**Exercise aim**.
Among the records that follow, find the line with "Met veel moeite" and the line with "AFUN Chef Aprons". Set down those lines and all lines between them exactly, without adding anything.

**Source records**.
+ + + + + + +
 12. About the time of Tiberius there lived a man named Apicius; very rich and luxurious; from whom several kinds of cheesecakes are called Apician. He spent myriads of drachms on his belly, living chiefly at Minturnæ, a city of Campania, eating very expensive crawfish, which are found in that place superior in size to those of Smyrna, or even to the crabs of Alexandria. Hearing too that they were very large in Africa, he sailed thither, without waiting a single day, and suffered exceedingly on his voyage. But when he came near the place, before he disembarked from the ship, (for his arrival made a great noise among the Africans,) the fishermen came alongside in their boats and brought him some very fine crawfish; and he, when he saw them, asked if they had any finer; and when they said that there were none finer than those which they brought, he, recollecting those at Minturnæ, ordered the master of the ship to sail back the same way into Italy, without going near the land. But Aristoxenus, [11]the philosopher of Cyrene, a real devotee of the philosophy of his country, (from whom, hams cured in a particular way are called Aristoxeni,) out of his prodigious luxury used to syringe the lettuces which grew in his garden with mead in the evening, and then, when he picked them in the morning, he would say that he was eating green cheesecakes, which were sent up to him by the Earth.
+ + + + + + +
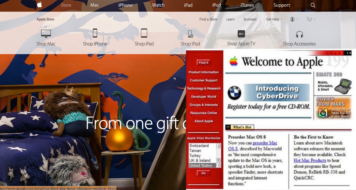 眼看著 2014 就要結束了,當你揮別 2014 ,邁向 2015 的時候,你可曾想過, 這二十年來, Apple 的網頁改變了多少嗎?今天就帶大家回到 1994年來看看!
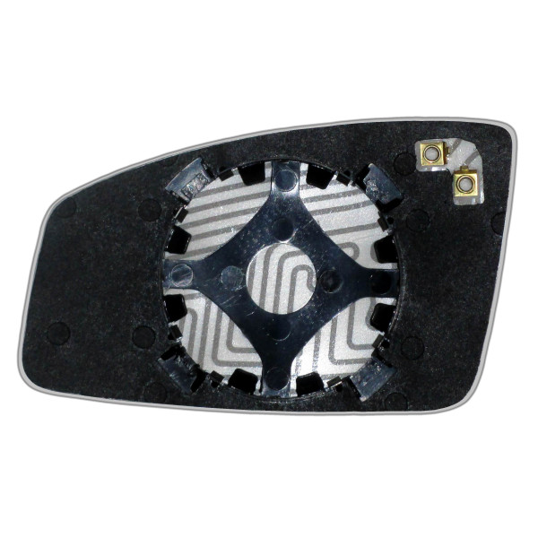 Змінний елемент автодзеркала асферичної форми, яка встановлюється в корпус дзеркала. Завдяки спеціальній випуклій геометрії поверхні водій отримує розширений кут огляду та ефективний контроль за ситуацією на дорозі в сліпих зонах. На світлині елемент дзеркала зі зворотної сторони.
+ + + + + + +
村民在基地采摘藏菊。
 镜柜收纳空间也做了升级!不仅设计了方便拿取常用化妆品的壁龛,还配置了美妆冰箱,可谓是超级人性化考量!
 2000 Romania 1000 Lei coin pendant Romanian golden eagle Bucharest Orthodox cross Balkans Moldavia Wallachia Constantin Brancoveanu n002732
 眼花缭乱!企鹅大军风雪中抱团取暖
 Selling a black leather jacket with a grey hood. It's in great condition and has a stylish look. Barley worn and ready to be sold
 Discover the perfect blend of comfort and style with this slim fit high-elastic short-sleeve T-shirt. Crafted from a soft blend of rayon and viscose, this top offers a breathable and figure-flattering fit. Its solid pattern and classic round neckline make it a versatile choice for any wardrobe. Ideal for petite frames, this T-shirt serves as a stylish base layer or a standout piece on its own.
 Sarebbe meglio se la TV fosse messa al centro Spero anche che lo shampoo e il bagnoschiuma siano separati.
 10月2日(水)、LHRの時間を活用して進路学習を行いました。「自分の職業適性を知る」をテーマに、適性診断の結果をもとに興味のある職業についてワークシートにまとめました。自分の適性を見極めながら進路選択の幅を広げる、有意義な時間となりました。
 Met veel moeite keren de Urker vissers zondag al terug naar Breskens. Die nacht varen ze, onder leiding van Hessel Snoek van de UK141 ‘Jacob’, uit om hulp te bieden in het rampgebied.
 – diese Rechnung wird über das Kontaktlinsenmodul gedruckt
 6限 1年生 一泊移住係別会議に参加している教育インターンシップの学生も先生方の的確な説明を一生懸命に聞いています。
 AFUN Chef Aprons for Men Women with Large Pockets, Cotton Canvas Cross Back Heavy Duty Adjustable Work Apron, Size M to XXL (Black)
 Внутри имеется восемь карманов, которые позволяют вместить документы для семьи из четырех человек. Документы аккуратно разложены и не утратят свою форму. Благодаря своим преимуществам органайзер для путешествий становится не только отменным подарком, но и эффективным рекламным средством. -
+ + + + + + +
**Reply**.
 Met veel moeite keren de Urker vissers zondag al terug naar Breskens. Die nacht varen ze, onder leiding van Hessel Snoek van de UK141 ‘Jacob’, uit om hulp te bieden in het rampgebied.
 – diese Rechnung wird über das Kontaktlinsenmodul gedruckt
 6限 1年生 一泊移住係別会議に参加している教育インターンシップの学生も先生方の的確な説明を一生懸命に聞いています。
 AFUN Chef Aprons for Men Women with Large Pockets, Cotton Canvas Cross Back Heavy Duty Adjustable Work Apron, Size M to XXL (Black)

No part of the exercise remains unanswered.